DATASET
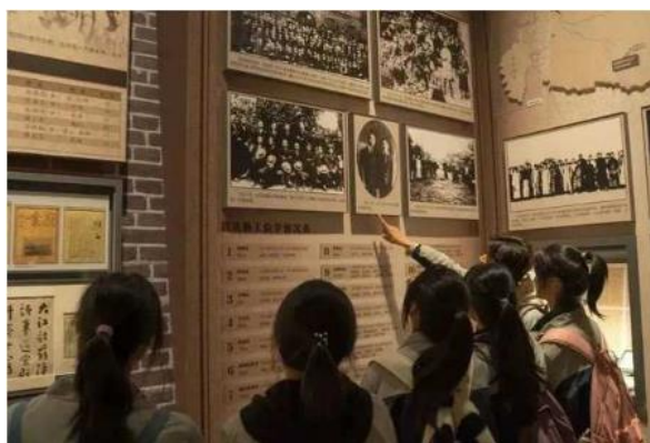
图 11 平湖市职业中等专业学校业余党校学员参观南湖革命纪念馆

平湖市职业中等专业学校通过举办业余党校提高班，从“理想信念、爱国情怀、责任担当、奋斗精神”四个维度设计课程，每个维度设计 6 学时，力求开展内容丰富、形式多样的政治学习。2023 年第 27 期党校提高班共培养 39 名优秀学员，先后赴嘉兴南湖、红色转角湾、中国百年保温瓶展览馆等地考察调研，寻访红色足迹，学习百年党史，了解革命故事，旨在引导学生用脚步丈量祖国大地、用眼睛发现中国精神，在学思践悟中坚定理想信念。
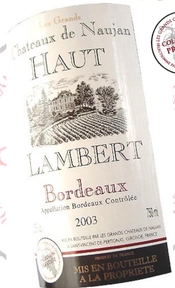
シャトー・デ・ノージャン ルージュ 赤 750ml/12本入 バーコード: 3700203020078
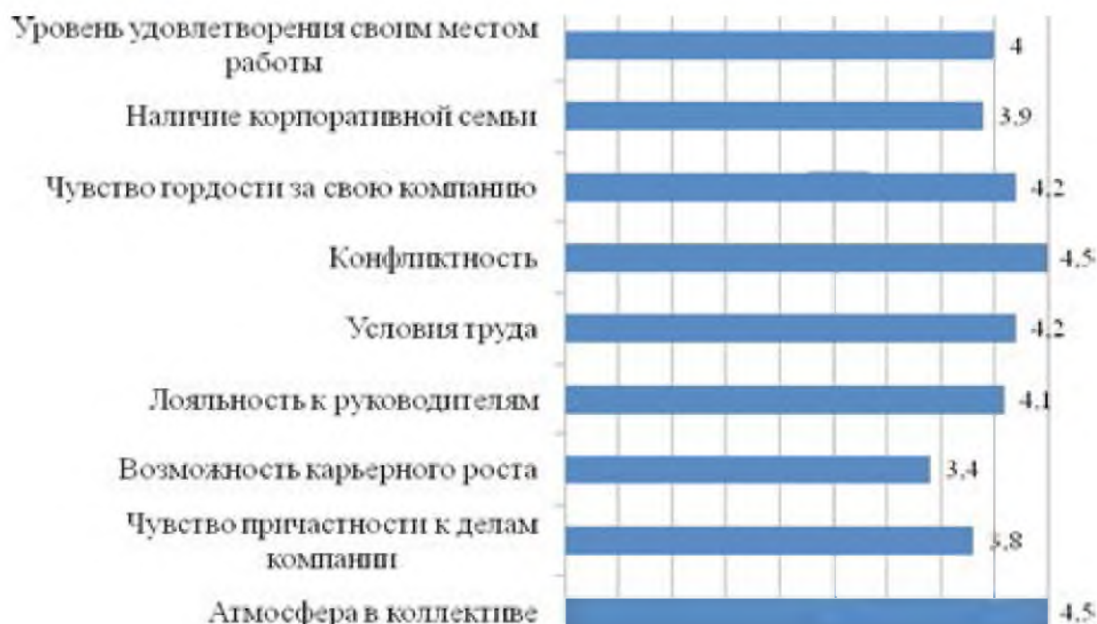
Рис. 2. Оценка составляющих корпоративной культуры «Метро»

Для определения уровня интегрального показателя социальной и экономической эффективности корпоративной культуры ООО «Метро» была использована следующая шкала (табл. 7).

DIRECTIONS FOR THIS TASK
Keep the pictures out of your copy. Copy only the lines from the line that holds "シャトー・デ・ノージャン ルージュ 赤" through the last line of the listing above, both included.

WRITTEN SOLUTION
シャトー・デ・ノージャン ルージュ 赤 750ml/12本入 バーコード: 3700203020078
Рис. 2. Оценка составляющих корпоративной культуры «Метро»

Для определения уровня интегрального показателя социальной и экономической эффективности корпоративной культуры ООО «Метро» была использована следующая шкала (табл. 7).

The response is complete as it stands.